Caleb changed the least. Dour and shifty, as always, alternating between an oddly cemented partnership of trust with Beau, and the twitchy nervousness with which he was always looking over his shoulder. He made blood-pacts with Fjord out of misplaced curiosity to unlock ancient, undocumented, sacrificial rituals in the heart of an evil creature's lair. He nearly crawled out of his skin at the prospect of one decidedly civil conversation with a fellow mage in the middle of the city. He still looked to Nott like a person starved for affection after the world was wiped clean of everyone else. Somehow Caleb carried more guilt and anxiety than Yasha could fathom was possible for a single creature, and Molly had become yet another body to be stored in his closet, another tragedy to keep locked away, another nightmare to keep from bleeding into who knew how many others. He looked at all of them like that, sometimes — like he wasn't seeing them, now, but seeing something from a very long time ago, or something meant to occur, sooner or later, terrible and inescapable. He looked at them all like he'd buried them already, buried with Molly in that cold and lonely grave at the end of a cold and empty road to nowhere.
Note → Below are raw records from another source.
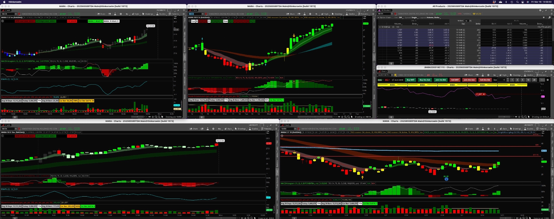 As you can see in this screen shot I have a label in the upper left box that says MARA 0.19 which is the distance between the 5 and 12 EMA on the 1 minute chart and MARA 0.31 which is the distance between the 5 and 12 EMA on the 10 minute chart. This is just another confirmation of trend for me. I want them both to be green for Calls or both blue for Puts.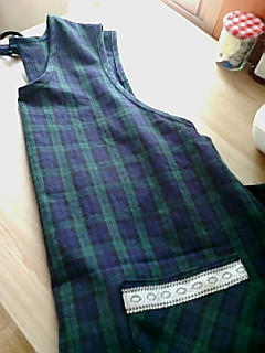 けど、袖作る生地が残っていないため予定通り袖なし割烹着を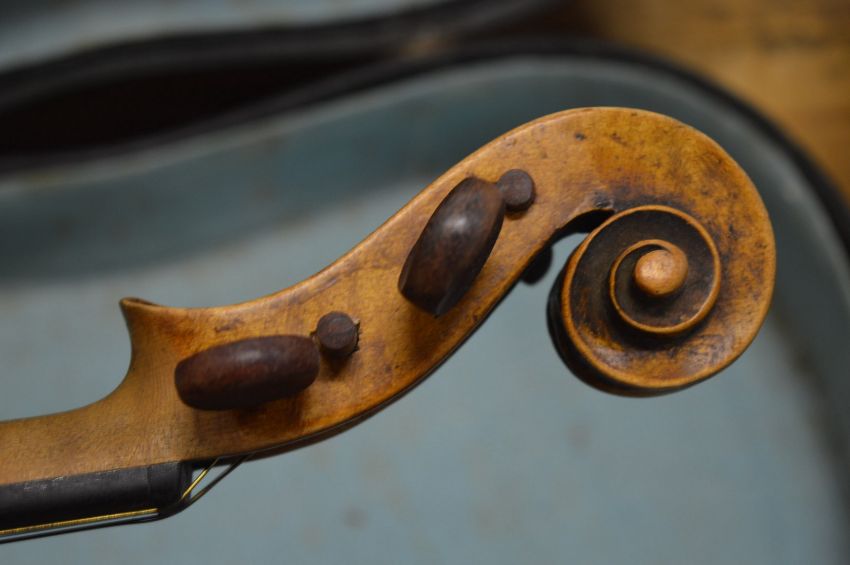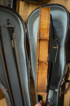 Two cased violins.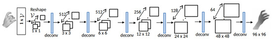 As discussed above, weak-supervision is an essential component of our pipeline due to the missing shape ground truth of real images. We provide a source of weak-supervision on shape learning by utilizing the input depth image and synthesize from the reconstructed , as shown in Figure 2. Inspired by the approaches proposed in [30,45], which synthesize a depth map from sparse joint positions, we build the architecture for our depth image synthesizer to generate depth image from richer dense mesh representation, as shown in Figure 5. It consists of six deconvolution layers, which use ReLu as activation functions, except the last layer that uses tanh. The sizes of the 2D feature maps increase gradually but decrease in number until of size is finally synthesized. The kernel sizes for the deconvolution layers are , , , , and , respectively. We use standard L2 norm to minimize the difference between the synthesized and ground truth as:

But Yasha kept him as she'd known him: alive and vibrant, contrary and unashamed. Molly had chosen these people, she knew, or had decided somewhere along the way that he had chosen them, rather than been thrown at them by whimsy and circumstance. He'd chosen them like he'd chosen her, like he had chosen each and every person that had walked beside him over the course of his spectacularly short life. Chose them despite their secrets and their idiosyncrasies, or, perhaps, because of them. Molly had always loved broken people, in the way that only broken people could. He loved them like something whole, not something fractured, held them together though they tried so hard to break apart. Their broken limbs, although healer he was not. Their scattered thoughts, a kiss to the head following the crack of a slap to break whatever spell — literal or figurative — held them in its sway. Their often rocky partnership, though he claimed it was he who needed them, who needed "this", whatever it was, to work. He said it loud and clear, he told them in so many words what the rest never said out loud. Because he could.
And Yasha. She'd never needed them the way he had. The way she'd needed him. Everything that she'd ever held dear had been torn from her violently, time and again, but she supposed that if it was for him, then. If the Stormlord wanted her there, if Heguided her way. She could, perhaps, follow his shadow. There was nowhere else for her to go.